University of Michigan Law School
Civil Rights Litigation Clearinghouse
Title "Rizzo v. Goode"
Date Jan 21, 1976
Author Oyez
External Link
Abstract Two suits, permitted to proceed as class actions, were brought in District Court under 42 U.S.C. ยง 1983 by respondents, individuals and organizations, against petitioners, the Mayor of Philadelphia, the Police Commissioner, and others, alleging a pervasive pattern of illegal and unconstitutional police mistreatment of minority citizens in particular, and Philadelphia residents in general. The petitioners were charged with misconduct ranging from express authorization or encouragement of the mistreatment to failure to act in such a way as to avoid recurrence.
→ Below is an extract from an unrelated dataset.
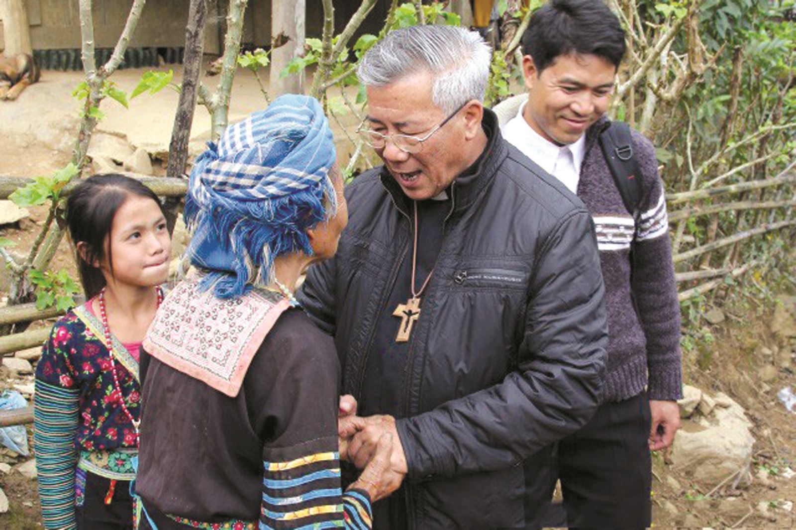 Trong ảnh: Đức Giám mục Anphong Nguyễn Hữu Long thăm viếng giáo dân nghèo các dân tộc thiểu số tại vùng Tây Bắc

The principal antagonists involved in one case were two police officers, not named as parties, who were found to have violated complainants' constitutional rights in three of eight incidents as to which the District Court made detailed factual findings and as to which a five-day suspension had resulted in one incident and no disciplinary action in another. In the other case, in only two of 28 incidents did the District Court conclude that the police conduct amounted to a deprivation of a federally secured right; it found no police misconduct in four incidents; in another, departmental policy was subsequently changed; and, though the court made no comment on the degree of misconduct occurring in the remainder, there were arguably 16 police violations of citizens' constitutional rights in the year involved. The District Court found, inter alia, that the evidence did not establish the existence of any policy on the part of petitioners to violate the constitutional rights of respondent classes, but found evidence of departmental discouragement of complaints and a tendency to minimize the consequences of police misconduct. The court found that only a small percentage of policemen commit violations of the rights of Philadelphia residents generally, but that such violations could not be dismissed as rare or isolated. Petitioners were directed to draft for the court's approval "a comprehensive program for dealing adequately with civilian complaints" to be formulated in accordance with the court's "guidelines" containing detailed suggestions for revising the police manuals and procedural rules for dealing with citizens and for changing procedures for handling complaints. On petitioners' appeal the Court of Appeals affirmed.
Source Oyez

This Resource Relates To
case Rulli v. Pittsburgh (PN-PA-0023)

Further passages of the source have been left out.